> **Exercise directions**
Copy out the listing that follows exactly, dropping every picture.

> **Supplied material**

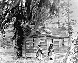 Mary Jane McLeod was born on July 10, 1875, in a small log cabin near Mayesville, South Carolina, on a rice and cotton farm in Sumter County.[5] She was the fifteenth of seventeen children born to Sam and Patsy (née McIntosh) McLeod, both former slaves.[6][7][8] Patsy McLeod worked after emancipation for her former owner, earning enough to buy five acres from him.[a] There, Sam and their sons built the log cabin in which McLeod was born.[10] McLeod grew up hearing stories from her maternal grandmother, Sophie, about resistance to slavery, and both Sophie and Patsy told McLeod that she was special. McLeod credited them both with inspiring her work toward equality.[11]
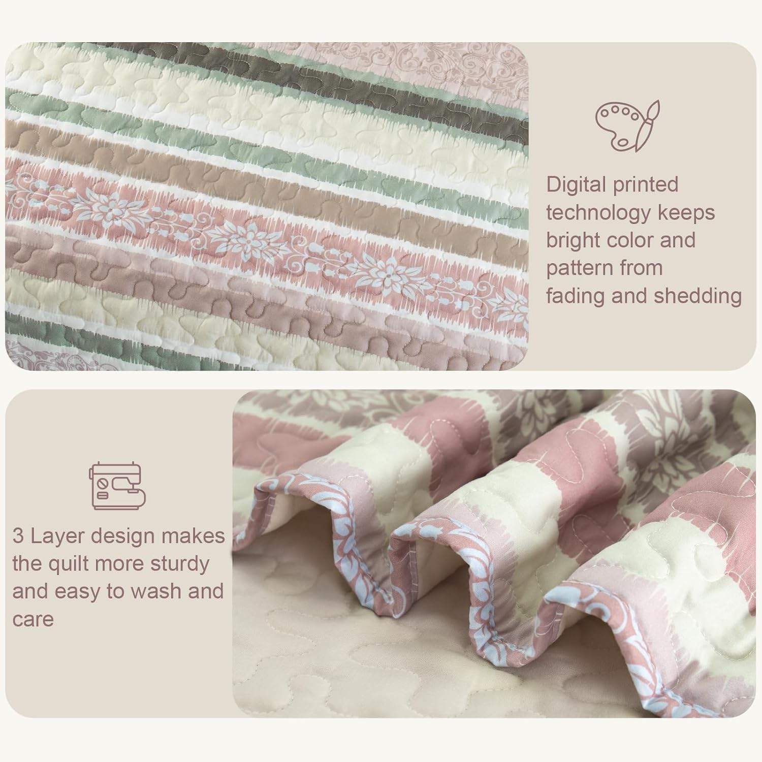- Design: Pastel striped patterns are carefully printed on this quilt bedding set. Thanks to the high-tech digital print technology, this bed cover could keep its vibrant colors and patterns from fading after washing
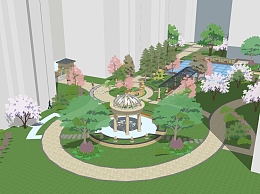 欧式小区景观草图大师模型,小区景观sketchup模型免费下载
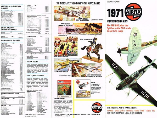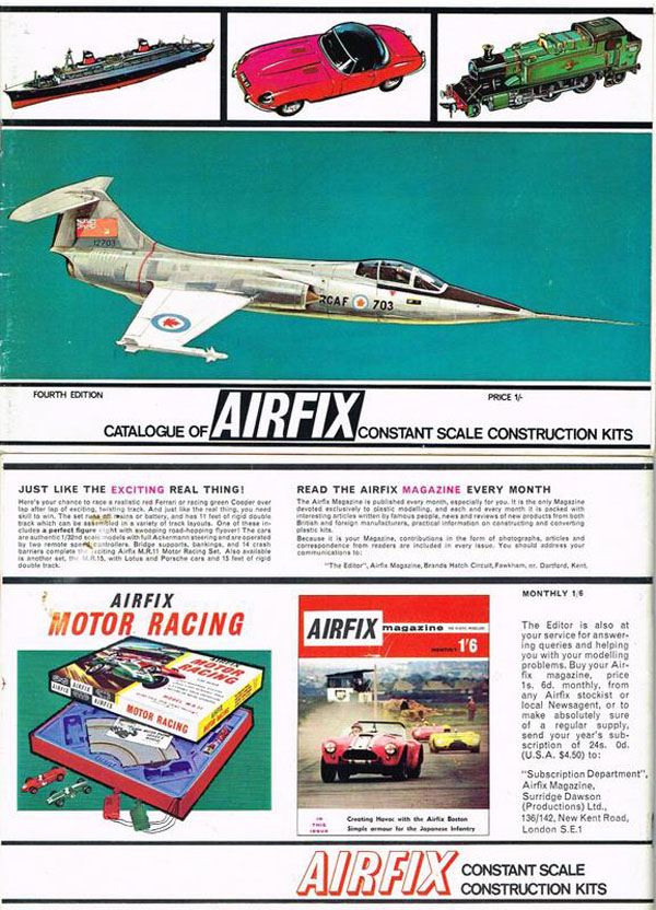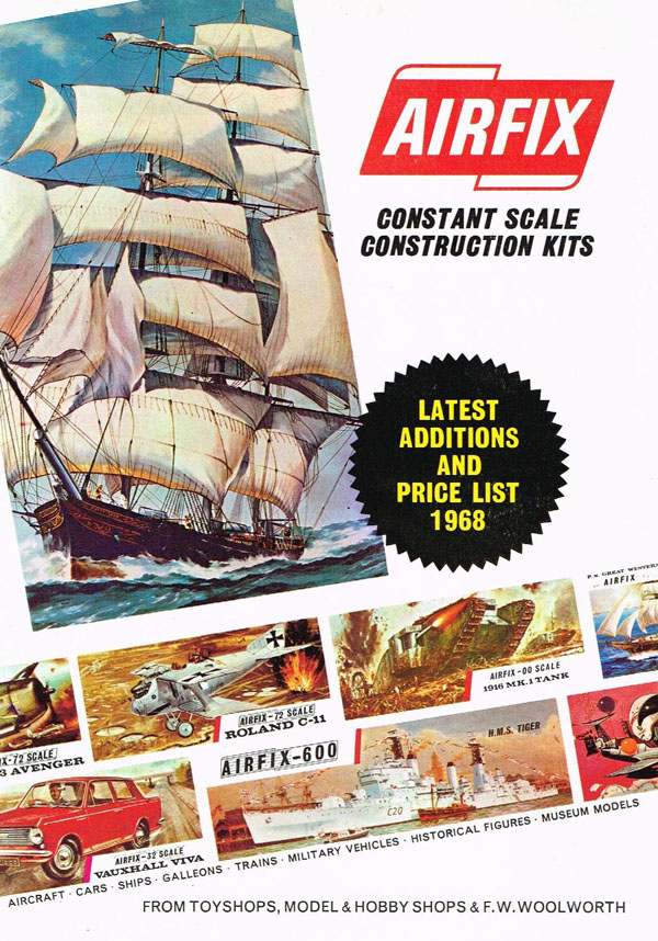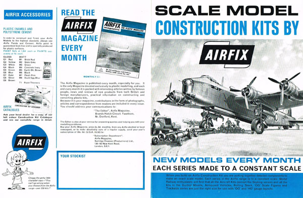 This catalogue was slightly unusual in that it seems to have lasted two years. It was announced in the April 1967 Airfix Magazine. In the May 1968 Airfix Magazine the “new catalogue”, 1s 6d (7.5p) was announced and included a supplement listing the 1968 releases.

> **Exercise output**
 Mary Jane McLeod was born on July 10, 1875, in a small log cabin near Mayesville, South Carolina, on a rice and cotton farm in Sumter County.[5] She was the fifteenth of seventeen children born to Sam and Patsy (née McIntosh) McLeod, both former slaves.[6][7][8] Patsy McLeod worked after emancipation for her former owner, earning enough to buy five acres from him.[a] There, Sam and their sons built the log cabin in which McLeod was born.[10] McLeod grew up hearing stories from her maternal grandmother, Sophie, about resistance to slavery, and both Sophie and Patsy told McLeod that she was special. McLeod credited them both with inspiring her work toward equality.[11]
- Design: Pastel striped patterns are carefully printed on this quilt bedding set. Thanks to the high-tech digital print technology, this bed cover could keep its vibrant colors and patterns from fading after washing
 欧式小区景观草图大师模型,小区景观sketchup模型免费下载
 This catalogue was slightly unusual in that it seems to have lasted two years. It was announced in the April 1967 Airfix Magazine. In the May 1968 Airfix Magazine the “new catalogue”, 1s 6d (7.5p) was announced and included a supplement listing the 1968 releases.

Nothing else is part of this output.